Presented June 15, 2007 by Evan Kwong Canadian Association of Physical Medicine and Rehabilitation 2007 Annual Scientific Meeting – Abstract submission

Evan H. Kwong MSc
Faculty of Medicine, University of Toronto, Toronto, Ontario, Canada

Nora Cullen MD, MSc, FRCPC
Faculty of Medicine, University of Toronto, Toronto, Ontario, Canada
Toronto Rehabilitation Institute, Toronto, Ontario, Canada

Objective: To evaluate a pilot program involving teaching magic tricks to Acquired Brain Injury (ABI) patients undergoing rehabilitation at the Toronto Rehabilitation Institute (TRI).

Method: From June 2006 to January 2007, simple magic tricks (from the Healing of Magic manual) were taught to inpatients at the TRI Acquired Brain Injury unit.
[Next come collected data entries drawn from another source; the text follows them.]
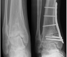 六、踝关节骨关节炎的治疗 踝关节骨关节炎的治疗目标是缓解疼痛、改善关节功能、延缓病情进展。治疗方法包括保守治疗和手术治疗 1.保守治疗(非手术治疗): A一般治疗:适当休息,减少不合理的运动,避免长时间跑、跳、蹲等加重踝关节负担的动作。同时,保持健康的体重(肥胖需减重),佩戴支具减轻踝关节的负荷。 B药物治疗:常用的药物包括非甾体抗炎药(如布洛芬、塞来昔布、依托考昔等)、软骨保护剂(如氨基葡萄糖、硫酸软骨素、玻璃酸钠)等。这些药物可以缓解疼痛、减轻炎症、延缓软骨退变。 C物理治疗:如热敷、冷敷、按摩、针灸、经皮神经电刺激等。这些治疗方法可以增加局部血液循环、减轻炎症反应、改善关节功能。 2.手术治疗: 对于保守治疗无效且病情严重的患者,可能需要考虑手术治疗。手术方法包括关节镜手术清理关节腔、踝关节融合、踝关节置换等。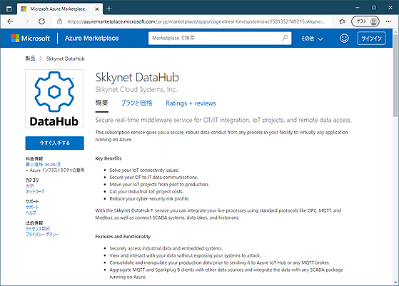 11月30日にSkkynet社から Skkynet DataHub service for Microsoft Azure がアナウンスされ、即日 Azure Marketplace で公開された。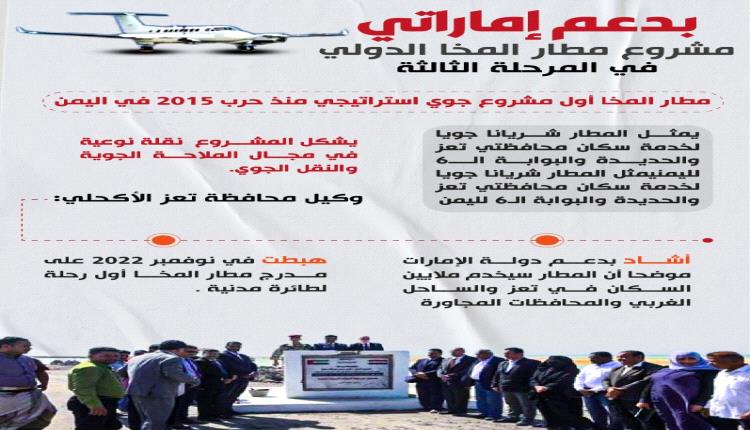 بدعم الإمارات بدأت أعمال المرحلة الثالثة لمشروع مطار المخا الدولي (انفوجرافيك)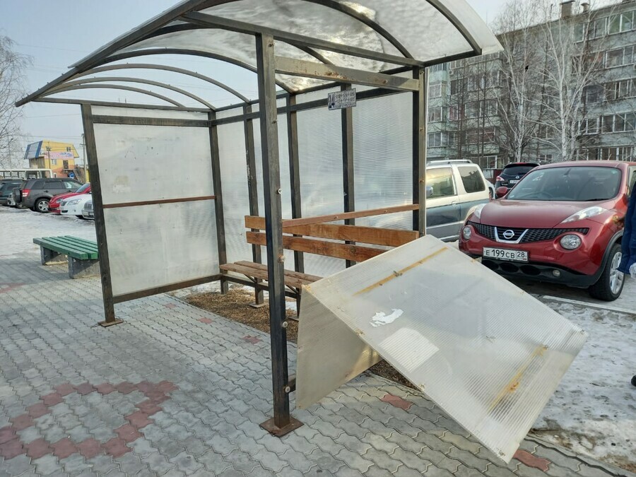 В областном центре Приамурья от сильного ветра с порывами до 20 метров в секунду пострадали остановки. Ураган буквально снял боковые и задние пластиковые панели.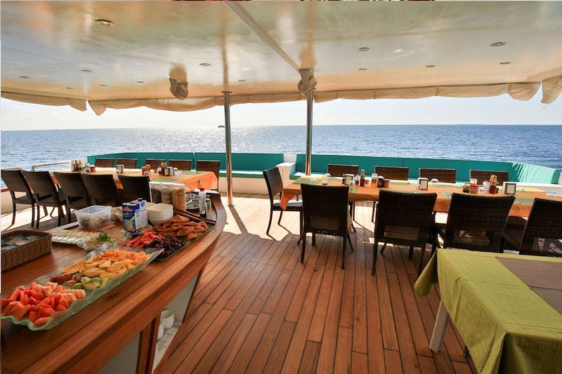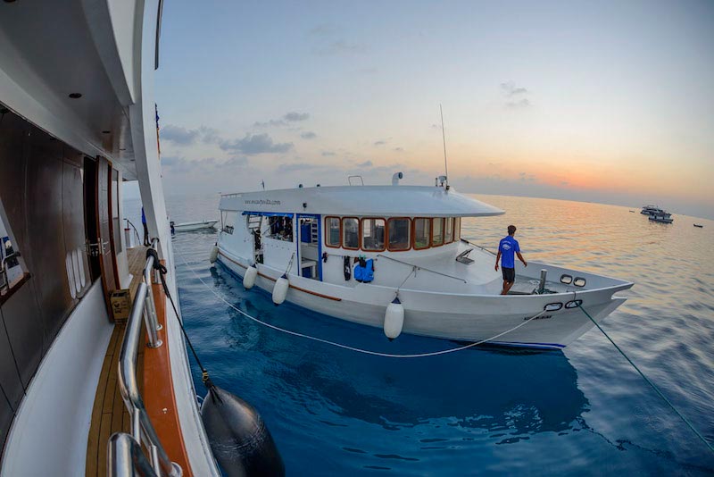 Carpe uses a diving dhoni built by the same company as the Carpe itself with the best facilities, including hot water shower/ toilet, 2 fresh water showers at the back and a fresh water tank for cameras.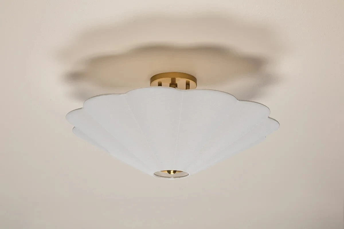 The Alana Semi Flush Ceiling Light keeps things light and airy. A pretty scalloped shade in white linen is adorned by aged brass accents. Can be mounted as a semi-flush ceiling light or pendant.

Over this study period, a total of 11 inpatients were recruited to participate in questionnaires and interviews before and after the intervention (learning magic tricks). To evaluate effects on quality of life, self-esteem, and mood, study participants were asked to complete the EuroQol EQ-5D Health Questionnaire, the Rosenberg Self-Esteem Scale, and the Rand 36-Item Short Form Health Survey Instrument (SF-36). Study participants were also interviewed to evaluate the program qualitatively.
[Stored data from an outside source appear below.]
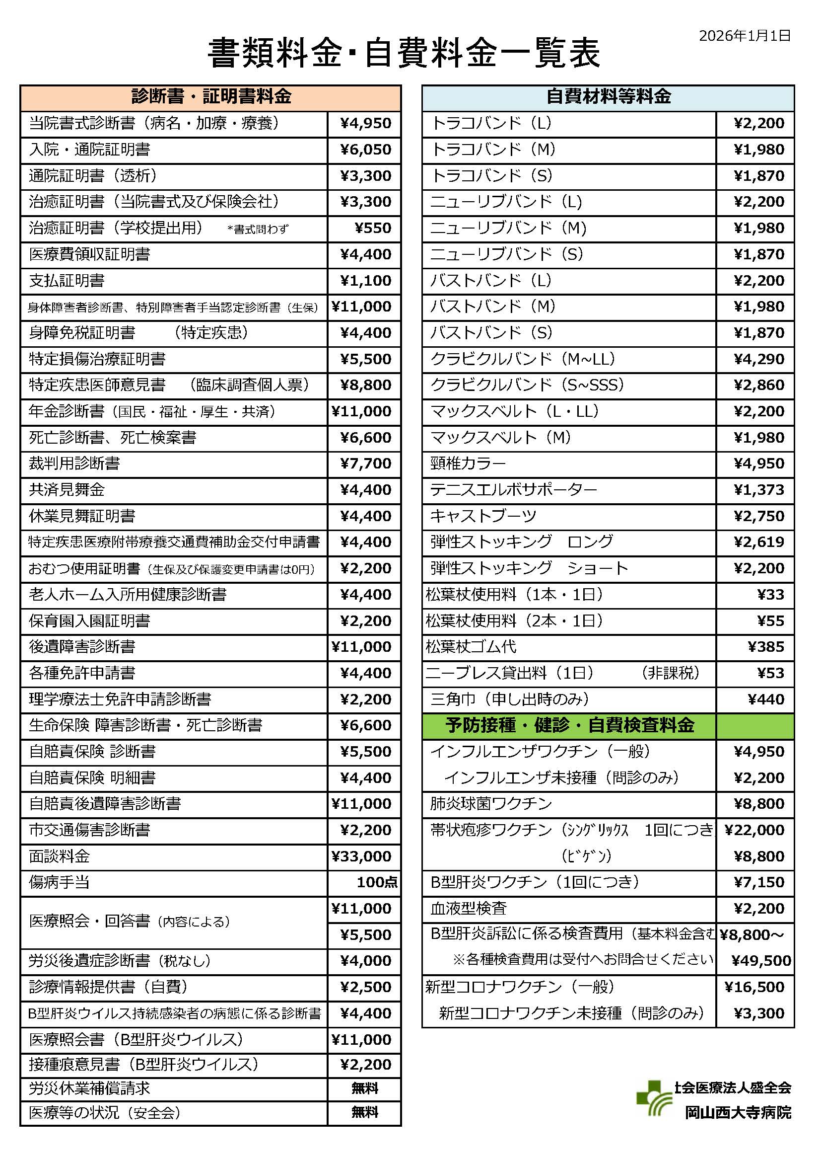 種類料金・自費料金一覧表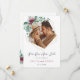 Este cartão "Save Our New Date" (Salve nossa nova data) elegante e moderno é a maneira perfeita de informar aos convidados uma mudança nos planos do seu casamento. Ele apresenta uma foto personalizável do casal emoldurada por um contorno geométrico dourado e sofisticado, adornado com um belo arranjo floral em aquarela em tons de borgonha, roxo e marfim. O design usa uma combinação de letras cursivas elegantes e fontes clássicas para destacar os nomes e a nova data do casamento. Este cartão oferece uma maneira pessoal e sofisticada de comunicar uma atualização, misturando flores românticas com uma estética geométrica contemporânea. É ideal para um tema de casamento de jardim, rústico ou sofisticado.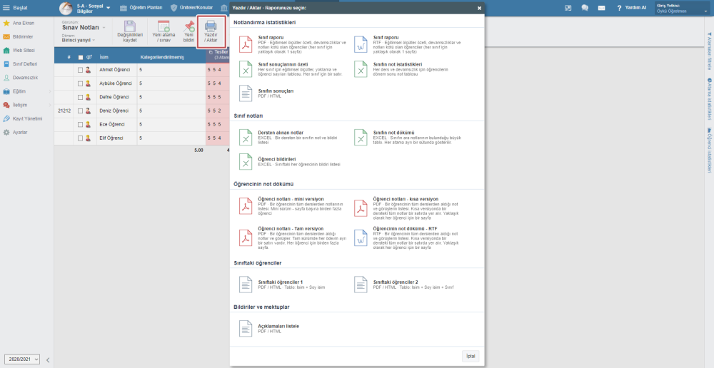 Üst menüden “Sınav Notları” sekmesini seçin ve Yazdır / Aktar’a tıklayın.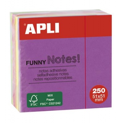 Öntapadó jegyzettömb, 51x51 mm, 250 lap, APLI "Funny", neon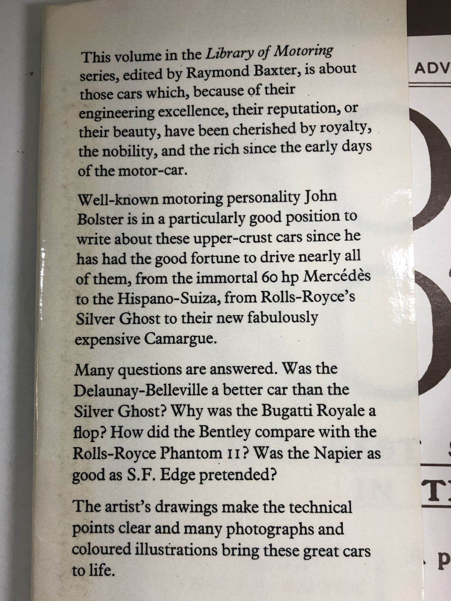 .AUTOSPORT road test editor and long time veteran and vintage car enthuast John Bolster takes a look at the top end of the market as it was through motoring history. The cars for the royals, the titles, the very rich and the very famous. Rolls-Royce Silver Ghost,  Bugatti Royale, Hispano-Suiza, through to Docker's Daimlers in the 50s and Mercedes 'Grosser' in the 70s. 200 pages, published 1976. Very good condition and in a very good jacket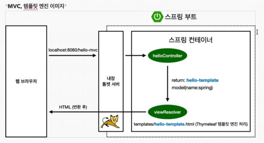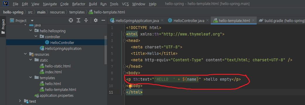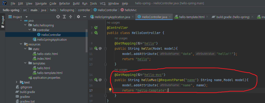 - hello-template를 return한다. 이는 'resources/templates'폴더 밑에 hello-template.html페이지를 호출하게 된다.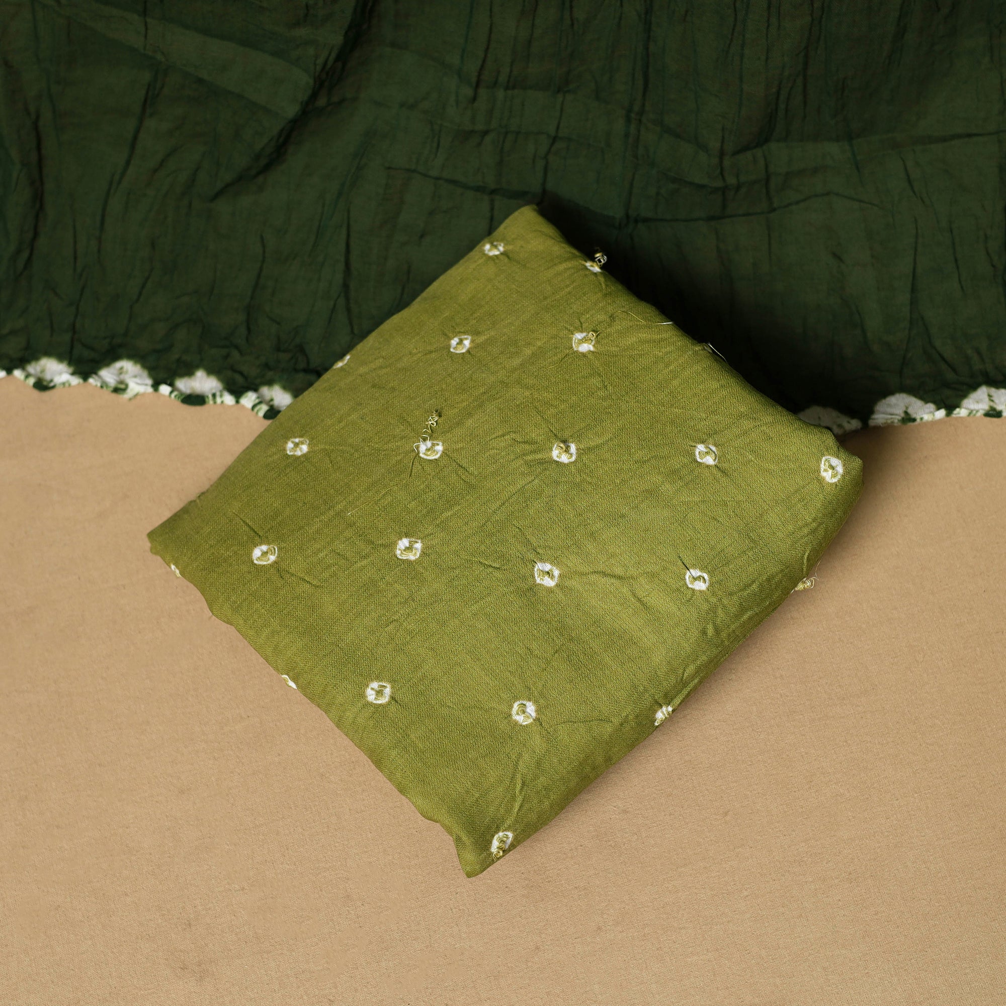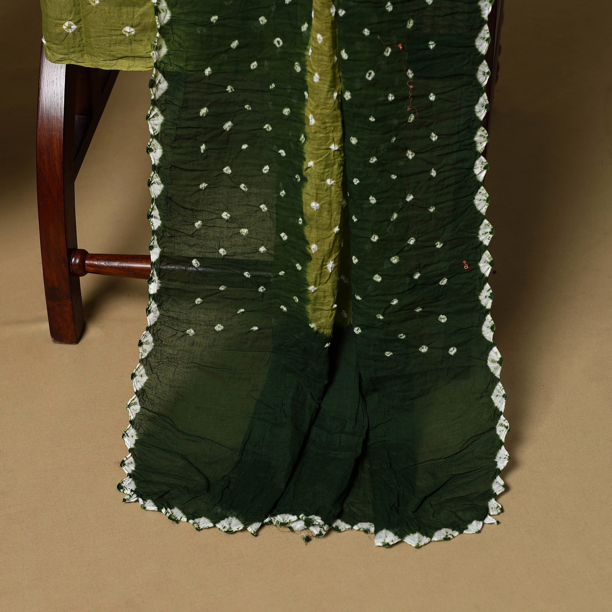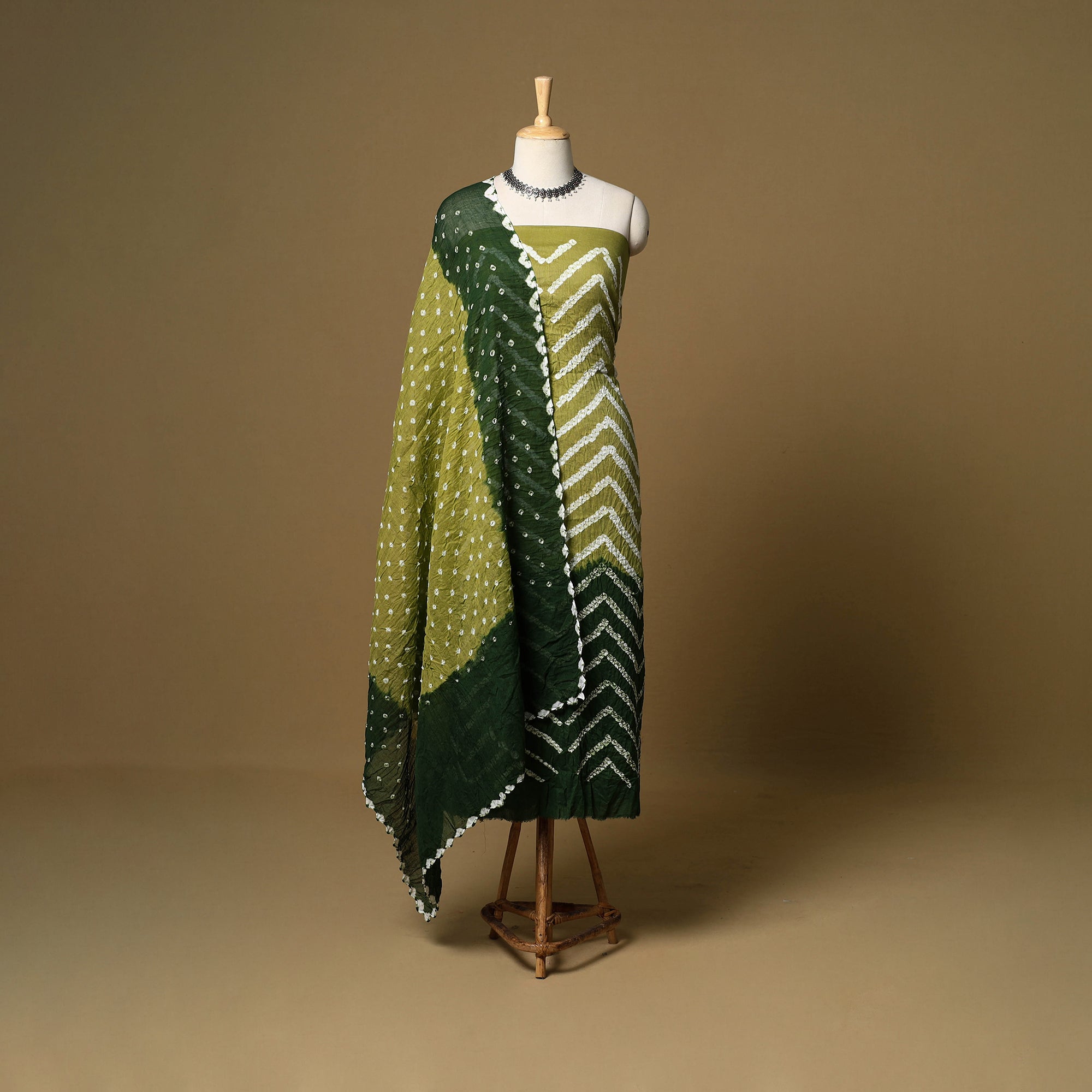 Green 3pc satin cotton bandhani dress material is crafted by artisan Shabana Khatri from Kutch. Made using the traditional tie & dye technique, each fabric piece shows beautiful bandhani patterns. The set includes fabric for a kurta, bottom and dupatta, giving you the freedom to design your own outfit. Ideal for festive occasions or everyday wear, it adds a vibrant and traditional touch to your wardrobe.

Results: Of the 11 study participants, 5 completed both the pre- and post-intervention questionnaires while 9 completed both interviews. Study participants learned magic tricks over 2-4 weeks. The mean EQ VAS health status scores increased from 70.5±19 to 75±15, albeit non-significantly (p=0.20). Changes in mean scores of the Rosenberg Self-Esteem Scale were also non-significant (22.8±3.8 to 25.8±5.0, p=0.20). Of the eight SF-36 scales, only the “Energy/Fatigue” scale significantly increased from 61±8 to 74±10 (p=0.02). The two scales related to mood showed non-significant changes: “Role limitations due to emotional problems” (60±37 to 87±30, p=0.09) and “Emotional well-being” (81±11 to 89±5, p=0.09). Two underlying themes for initial interest in the program were “attending a fun and social activity” and “learning magic to show others.” Three main themes identified from the post-intervention interviews: “interesting activity”, “challenging due to decreased function”, and “increased self-esteem when successful.”

Conclusion: Incorporating a program of teaching simple magic tricks to patients undergoing rehabilitation may be an effective adjunct to their regular rehabilitation program. The pilot program at TRI may be improved by using the suggestions provided by the study participants and by increasing the number of patients involved.